A likeable conservative

“The recognitions” by William Gaddis has been around since 1955 but – not helped by being almost a thousand pages long – it remains a novel that is mostly unread.

 

Sean Sheehan

 

Like “Ulysses”, part of the reason it has acquired a reputation for being difficult is that readers navigate the early chapters but then gradually surrender to what is felt to be a density of language and a meandering plot

Just as Joyce’s novel can be enjoyed to the end with the help of annotations, “The recognitions” can be read in its entirety with the assistance of Stephen Moore’s reader’s guide.

Help, though, is not needed with the early chapters set in the 1920s about Reverend Gwynn and the death of his wife due to appendicitis and a bogus doctor. Gwynn’s son, Wyatt, is brought up with the help of an ultra-religious aunt but he shrugs off her fundamentalism and takes to painting forgeries of old masters, finding and recognising originality through imitation.

There is a temptation to skim and skip sections of the novel and Moore’s online summaries are useful for getting back on track and finishing what is a contender for the quintessential bedside book.

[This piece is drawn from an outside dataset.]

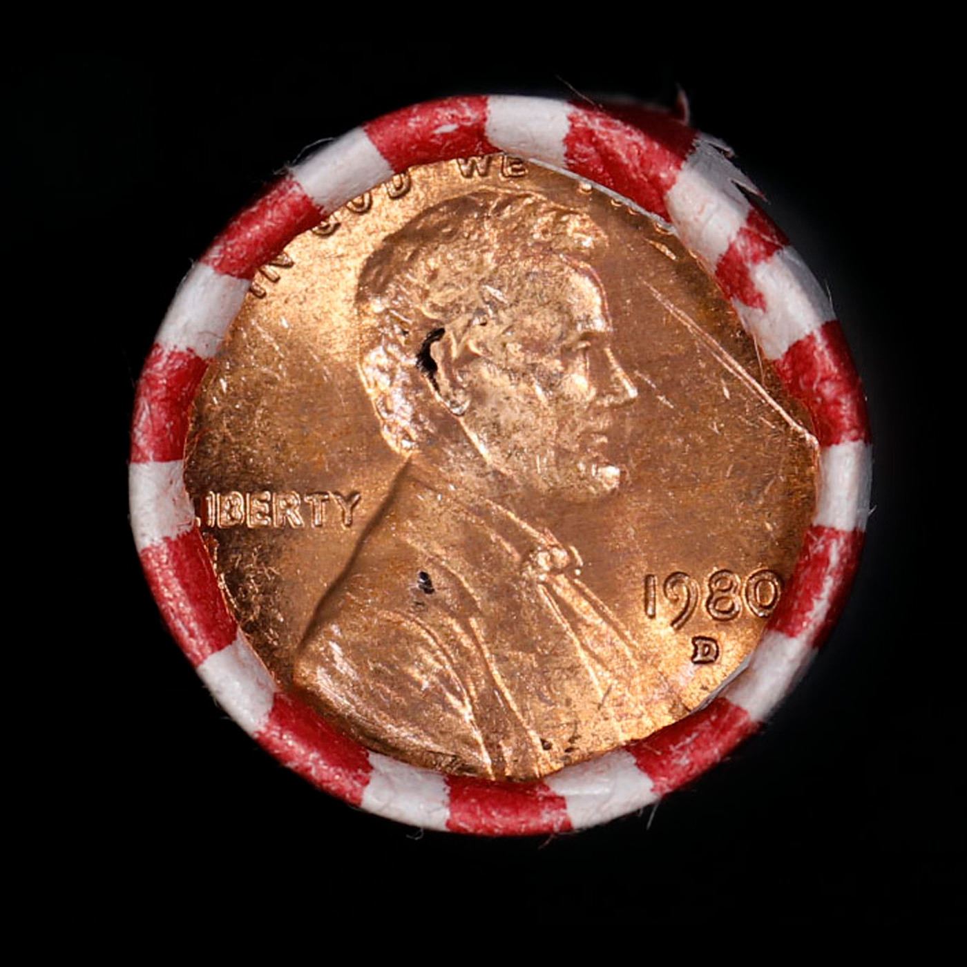 Shotgun Lincoln 1c roll, 1980-d 50 pcs Bank Wrapper.. A terrific Shotgun roll of Lincoln cents. Most if not all coin should be cherry red.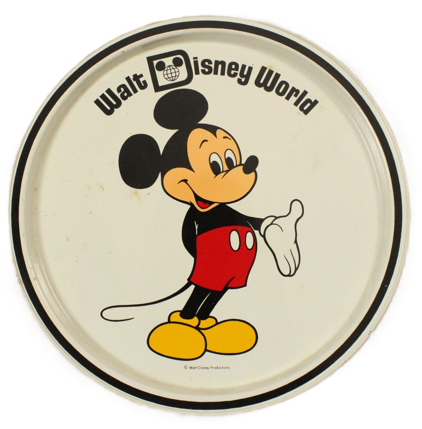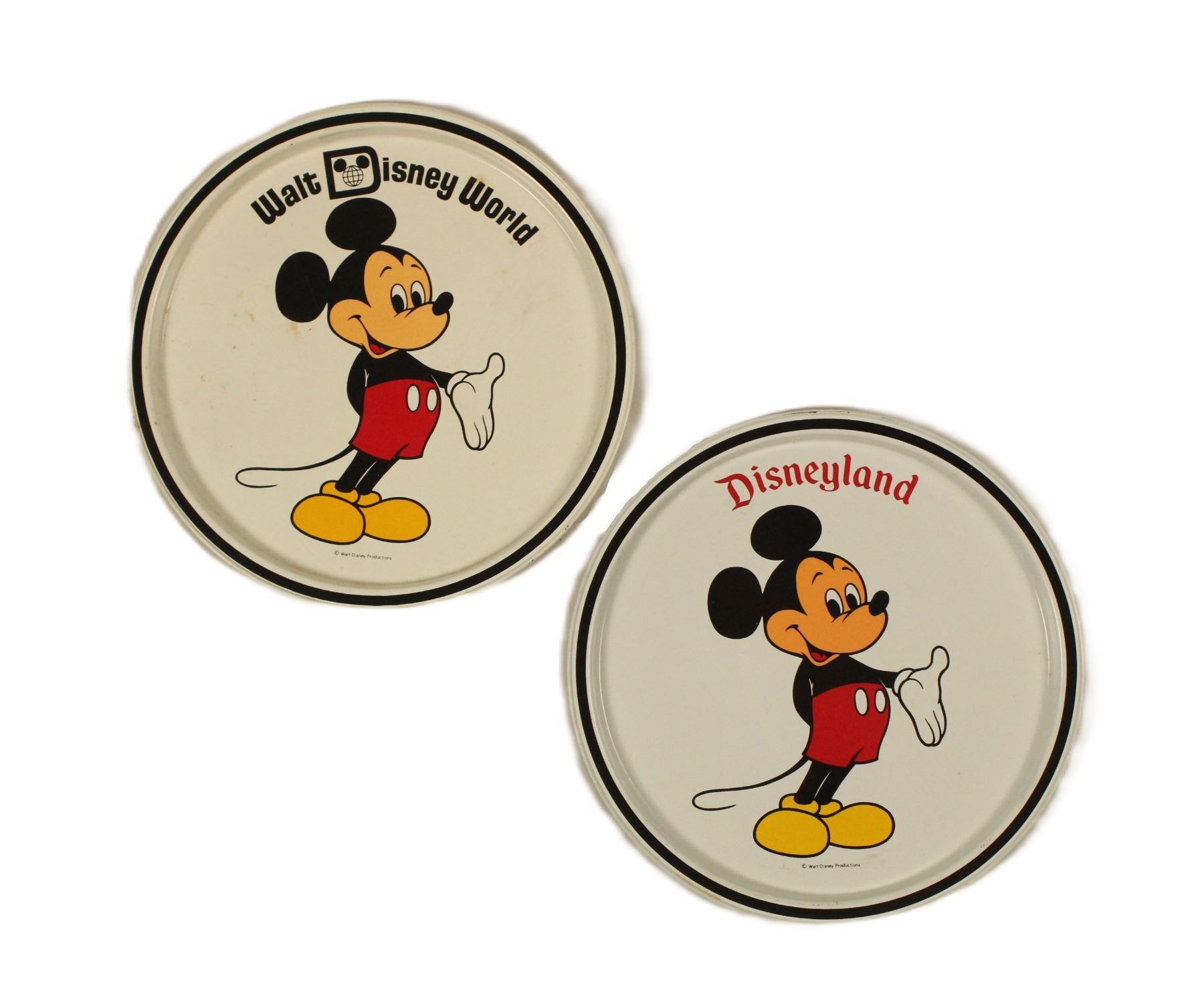 (Disney Parks) Here are two round white metal souvenir trays from the parks. Both are identical in featuring classic Mickey Mouse with a black border, but one says Walt Disney World and the other says Disneyland. Both are in good condition with scratches, edge wear and staining from age and use. The measure 10.75" across.

Curiosity about the author will lead to “The letters of William Gaddis” and they reveal a singular man whose younger years were taken up with an obsession to travel, first in his own country and then Mexico, Central America and Europe, partly financed by constant cadging of money from his mother.

Eventually returning to New York, he writes of joining a library in 1951 and reading about “forgeries, counterfeiting, faking, imposture, fraud” – all of which will become the subject matter of his novel.

Four years later, seemingly oblivious to what happened at Hiroshima and Nagasaki, he sends a copy to Robert Oppenheimer, praising the physicist for an address he gave (available here) at a university function.

Gaddis, quoting Oppenheimer, says his novel shows “the integrity of the intimate, the detailed, the true art, the integrity of craftsmanship and preservation of the familiar, of the humorous and the beautiful”.

The words (however bizarre an aesthetic from the mind of the ultimate bomb maker) provide an insight into “The recognitions” as the work of a disillusioned conservative aghast at living in a fallen world.

The richness of literary and cultural allusions in the novel embody the idea of art as resistance to a commodity culture where production, as one of his characters puts it, is designed “with only its wearing out and replacement in view, and that replacement to be replaced.”

When a broken piece of pottery is found from a Roman colony in North Africa, its use value, as something made to last, transcends its exchange value and the “tyranny of business enterprise.”

In a letter to an editor friend and his wife, he asks “why am I always the Best Unknown Writer in America?”

“The recognitions”, by William Gaddis, is published by New York Review of Books and so also is “The letters of William Gaddis.